---------- Entries provided ----------

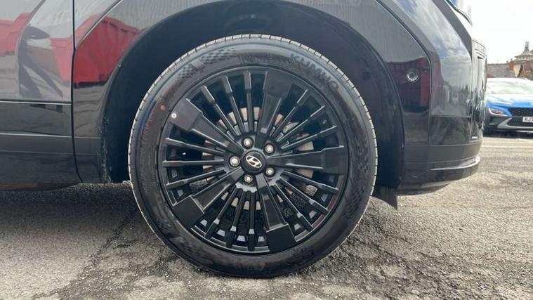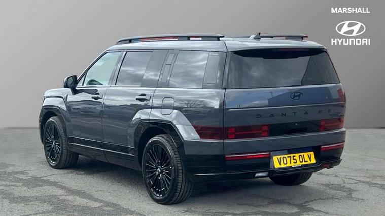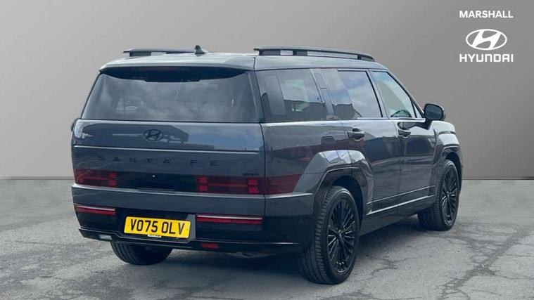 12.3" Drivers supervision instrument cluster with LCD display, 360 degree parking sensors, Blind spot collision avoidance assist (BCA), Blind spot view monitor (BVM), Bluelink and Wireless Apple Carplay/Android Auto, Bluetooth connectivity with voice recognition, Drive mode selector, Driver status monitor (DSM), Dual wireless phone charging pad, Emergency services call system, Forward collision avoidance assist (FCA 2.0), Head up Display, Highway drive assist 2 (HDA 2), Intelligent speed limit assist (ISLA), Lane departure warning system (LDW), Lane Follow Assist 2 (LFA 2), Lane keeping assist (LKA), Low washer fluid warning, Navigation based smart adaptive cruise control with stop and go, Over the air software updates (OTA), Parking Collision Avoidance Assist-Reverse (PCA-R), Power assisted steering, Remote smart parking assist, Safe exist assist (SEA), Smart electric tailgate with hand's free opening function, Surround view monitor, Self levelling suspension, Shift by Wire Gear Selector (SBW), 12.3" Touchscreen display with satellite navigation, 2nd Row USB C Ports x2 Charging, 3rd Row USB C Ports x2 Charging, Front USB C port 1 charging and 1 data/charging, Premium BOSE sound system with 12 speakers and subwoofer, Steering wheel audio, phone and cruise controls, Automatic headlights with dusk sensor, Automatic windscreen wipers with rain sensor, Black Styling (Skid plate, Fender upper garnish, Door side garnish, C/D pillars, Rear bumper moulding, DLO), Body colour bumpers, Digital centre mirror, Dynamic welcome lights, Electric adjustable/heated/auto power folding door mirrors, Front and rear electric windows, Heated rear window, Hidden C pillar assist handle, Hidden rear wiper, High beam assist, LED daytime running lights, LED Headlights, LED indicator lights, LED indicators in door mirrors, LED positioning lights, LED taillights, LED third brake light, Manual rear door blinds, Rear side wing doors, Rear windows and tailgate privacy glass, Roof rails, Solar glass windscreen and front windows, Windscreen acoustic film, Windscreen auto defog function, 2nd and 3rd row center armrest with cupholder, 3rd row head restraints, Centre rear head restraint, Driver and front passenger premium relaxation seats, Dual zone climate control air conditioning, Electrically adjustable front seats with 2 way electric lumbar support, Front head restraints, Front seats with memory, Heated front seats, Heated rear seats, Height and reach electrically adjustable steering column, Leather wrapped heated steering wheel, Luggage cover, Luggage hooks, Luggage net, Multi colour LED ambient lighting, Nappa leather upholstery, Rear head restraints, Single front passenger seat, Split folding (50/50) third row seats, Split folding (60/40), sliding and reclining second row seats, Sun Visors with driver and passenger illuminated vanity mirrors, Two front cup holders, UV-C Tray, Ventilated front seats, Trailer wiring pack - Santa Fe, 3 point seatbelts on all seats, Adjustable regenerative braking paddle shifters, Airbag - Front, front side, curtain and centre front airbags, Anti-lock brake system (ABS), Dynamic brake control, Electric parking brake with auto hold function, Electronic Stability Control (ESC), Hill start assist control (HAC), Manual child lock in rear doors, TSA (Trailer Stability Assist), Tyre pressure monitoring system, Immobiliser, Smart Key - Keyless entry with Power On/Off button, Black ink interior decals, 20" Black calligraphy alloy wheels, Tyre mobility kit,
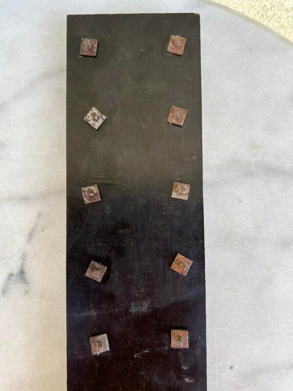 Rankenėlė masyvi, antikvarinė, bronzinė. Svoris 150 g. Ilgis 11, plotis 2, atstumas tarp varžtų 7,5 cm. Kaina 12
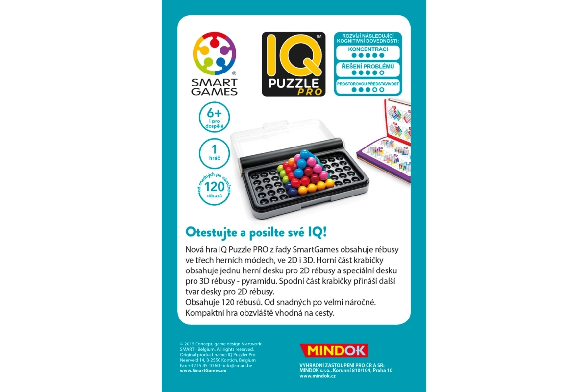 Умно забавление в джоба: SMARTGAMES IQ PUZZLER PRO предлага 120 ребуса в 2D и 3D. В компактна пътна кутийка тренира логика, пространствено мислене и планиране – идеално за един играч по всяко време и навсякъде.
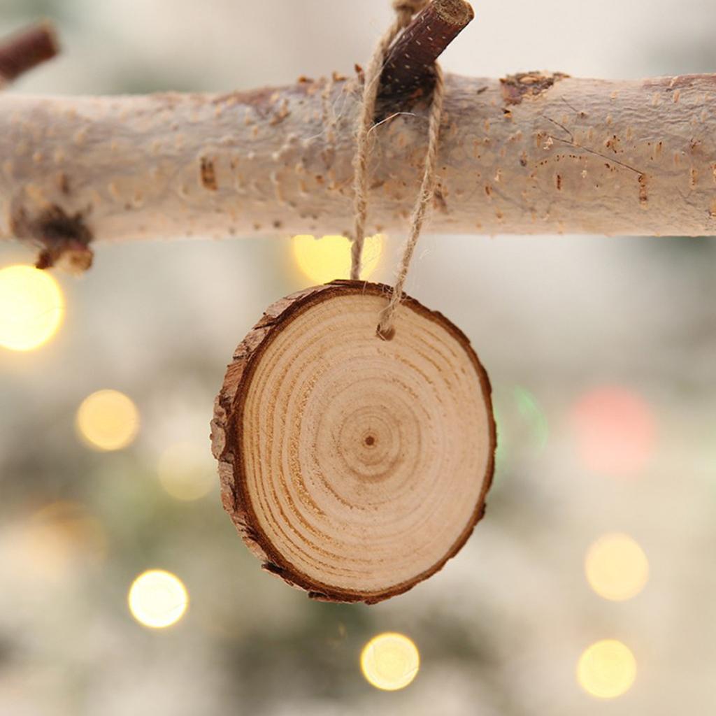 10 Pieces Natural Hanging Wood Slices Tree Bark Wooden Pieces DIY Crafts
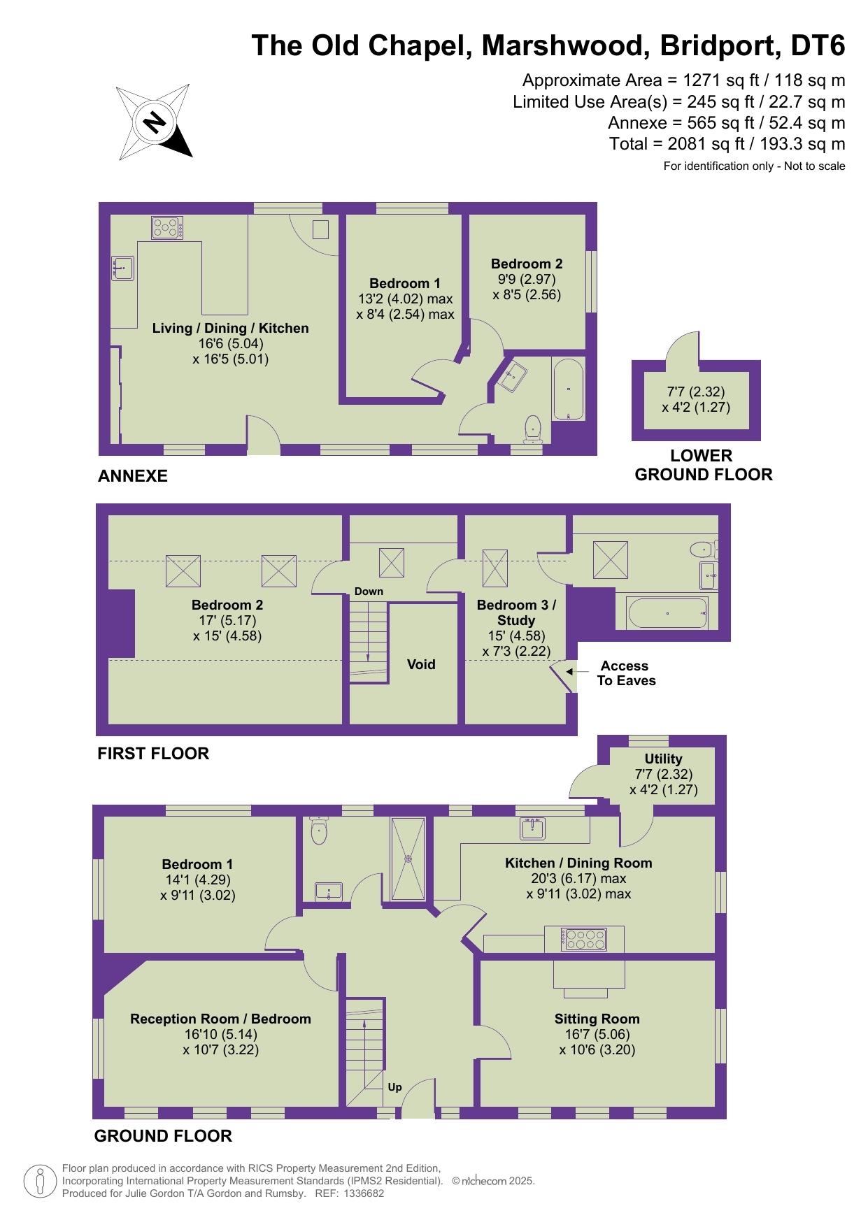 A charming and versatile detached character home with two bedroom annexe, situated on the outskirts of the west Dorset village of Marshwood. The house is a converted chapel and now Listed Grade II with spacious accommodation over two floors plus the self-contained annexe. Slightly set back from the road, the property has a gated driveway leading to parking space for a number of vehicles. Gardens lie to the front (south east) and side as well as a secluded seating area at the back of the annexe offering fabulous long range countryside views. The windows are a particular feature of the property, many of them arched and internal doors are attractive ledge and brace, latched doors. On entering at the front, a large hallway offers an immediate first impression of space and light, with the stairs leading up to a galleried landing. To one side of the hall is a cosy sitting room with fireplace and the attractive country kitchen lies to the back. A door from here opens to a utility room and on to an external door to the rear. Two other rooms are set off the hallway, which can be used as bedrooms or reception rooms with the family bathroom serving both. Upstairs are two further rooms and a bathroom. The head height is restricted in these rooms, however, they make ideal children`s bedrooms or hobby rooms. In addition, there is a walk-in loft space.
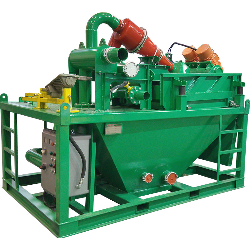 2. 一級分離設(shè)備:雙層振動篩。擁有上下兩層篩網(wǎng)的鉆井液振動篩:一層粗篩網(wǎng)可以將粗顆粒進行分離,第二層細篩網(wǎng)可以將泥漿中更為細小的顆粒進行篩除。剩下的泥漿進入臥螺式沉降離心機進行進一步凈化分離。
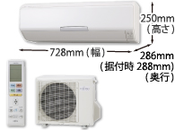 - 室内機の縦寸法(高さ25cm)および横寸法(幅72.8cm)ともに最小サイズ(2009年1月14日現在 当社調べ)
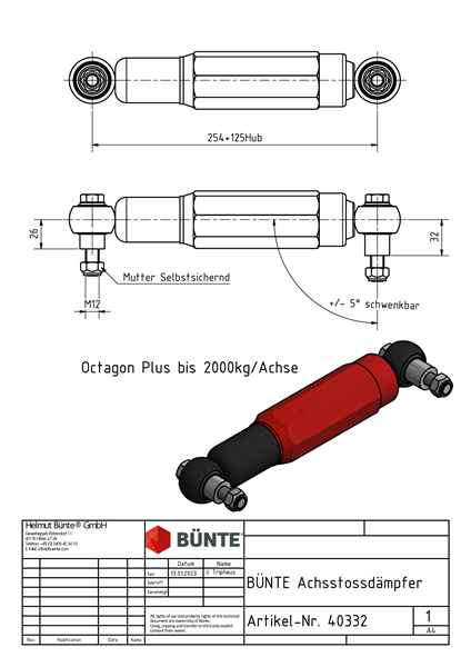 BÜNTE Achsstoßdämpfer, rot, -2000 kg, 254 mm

----------
---------- Entries provided ----------

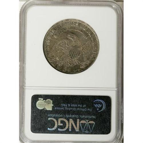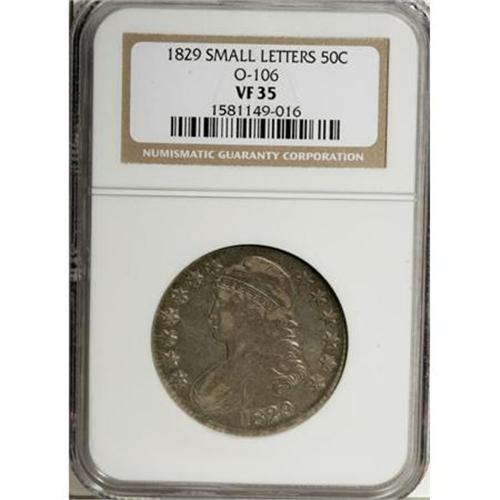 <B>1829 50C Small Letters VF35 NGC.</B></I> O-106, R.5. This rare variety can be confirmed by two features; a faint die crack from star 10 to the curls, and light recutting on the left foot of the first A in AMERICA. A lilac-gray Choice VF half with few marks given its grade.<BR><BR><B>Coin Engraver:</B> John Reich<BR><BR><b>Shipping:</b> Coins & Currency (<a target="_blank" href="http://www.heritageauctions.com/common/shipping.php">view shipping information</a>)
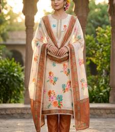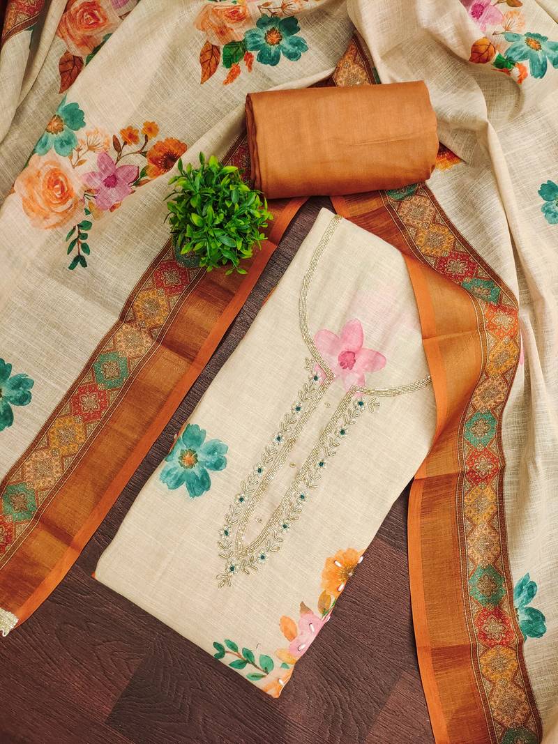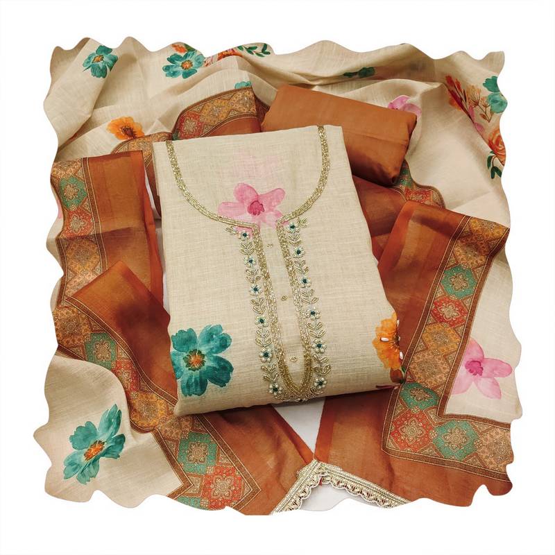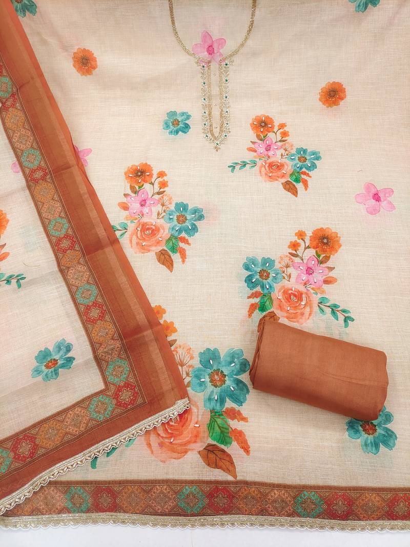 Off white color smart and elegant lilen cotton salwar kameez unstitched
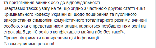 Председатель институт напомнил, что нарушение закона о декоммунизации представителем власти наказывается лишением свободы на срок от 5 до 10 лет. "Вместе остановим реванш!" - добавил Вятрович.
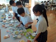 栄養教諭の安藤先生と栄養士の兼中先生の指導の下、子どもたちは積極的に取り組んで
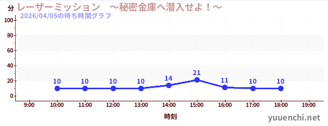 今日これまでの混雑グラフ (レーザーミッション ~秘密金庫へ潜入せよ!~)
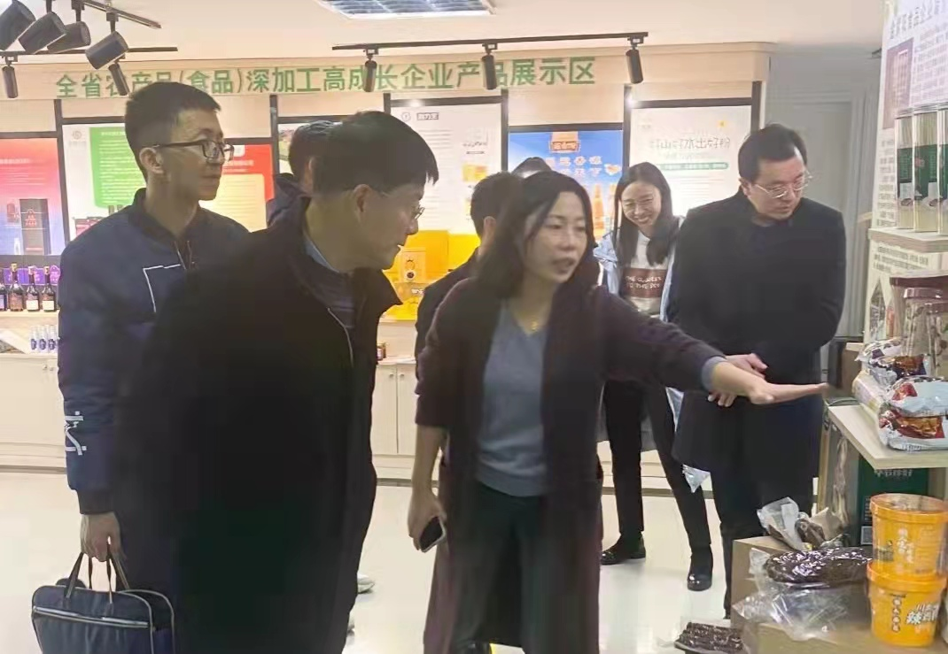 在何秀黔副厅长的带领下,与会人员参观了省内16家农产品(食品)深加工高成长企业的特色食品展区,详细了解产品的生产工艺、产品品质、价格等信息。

----------
---------- Entries provided ----------

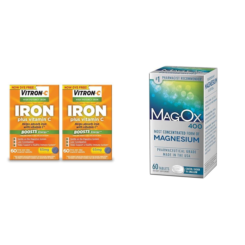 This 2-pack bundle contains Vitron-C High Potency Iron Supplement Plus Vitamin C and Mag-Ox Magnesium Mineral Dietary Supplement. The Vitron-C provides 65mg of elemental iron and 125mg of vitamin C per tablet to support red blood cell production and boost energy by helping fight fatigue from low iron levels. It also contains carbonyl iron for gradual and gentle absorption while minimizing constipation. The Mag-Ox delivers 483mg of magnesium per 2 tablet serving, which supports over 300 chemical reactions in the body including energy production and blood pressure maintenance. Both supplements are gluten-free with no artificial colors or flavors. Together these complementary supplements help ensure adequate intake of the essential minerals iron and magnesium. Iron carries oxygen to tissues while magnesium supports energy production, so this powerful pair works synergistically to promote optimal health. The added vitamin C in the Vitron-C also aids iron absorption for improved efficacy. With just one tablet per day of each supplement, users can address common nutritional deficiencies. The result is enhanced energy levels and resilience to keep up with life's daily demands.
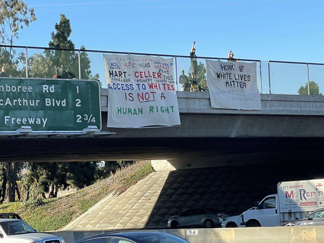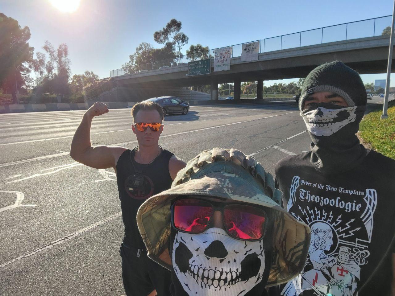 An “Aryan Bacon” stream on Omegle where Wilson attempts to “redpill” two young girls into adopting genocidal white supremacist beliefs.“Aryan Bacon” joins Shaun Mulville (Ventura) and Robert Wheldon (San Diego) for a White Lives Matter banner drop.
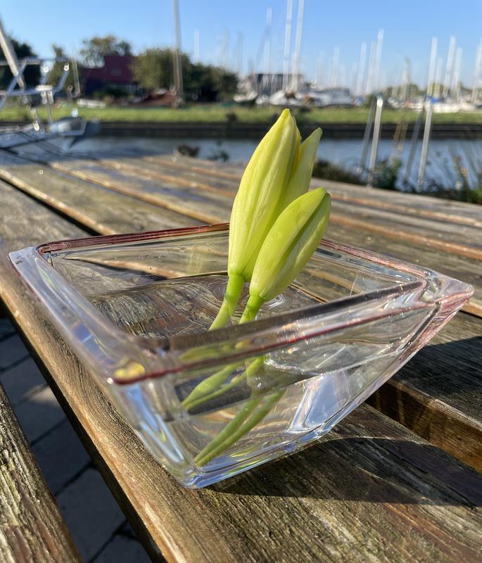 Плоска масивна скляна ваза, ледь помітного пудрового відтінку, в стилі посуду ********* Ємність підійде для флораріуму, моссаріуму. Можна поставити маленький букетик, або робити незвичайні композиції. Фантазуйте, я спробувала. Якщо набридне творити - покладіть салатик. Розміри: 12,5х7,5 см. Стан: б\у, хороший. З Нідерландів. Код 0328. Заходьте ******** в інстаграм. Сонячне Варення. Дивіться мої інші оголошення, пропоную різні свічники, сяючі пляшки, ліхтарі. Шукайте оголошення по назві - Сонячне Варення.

----------

What to produce – Both the line above containing "Off white color" and the line containing "在何秀黔副厅长的带领下,与会" belong in the copy, along with every line between them; print these exactly and omit the pictures.

Solution –
 Off white color smart and elegant lilen cotton salwar kameez unstitched
 Председатель институт напомнил, что нарушение закона о декоммунизации представителем власти наказывается лишением свободы на срок от 5 до 10 лет. "Вместе остановим реванш!" - добавил Вятрович.
 栄養教諭の安藤先生と栄養士の兼中先生の指導の下、子どもたちは積極的に取り組んで
 今日これまでの混雑グラフ (レーザーミッション ~秘密金庫へ潜入せよ!~)
 在何秀黔副厅长的带领下,与会人员参观了省内16家农产品(食品)深加工高成长企业的特色食品展区,详细了解产品的生产工艺、产品品质、价格等信息。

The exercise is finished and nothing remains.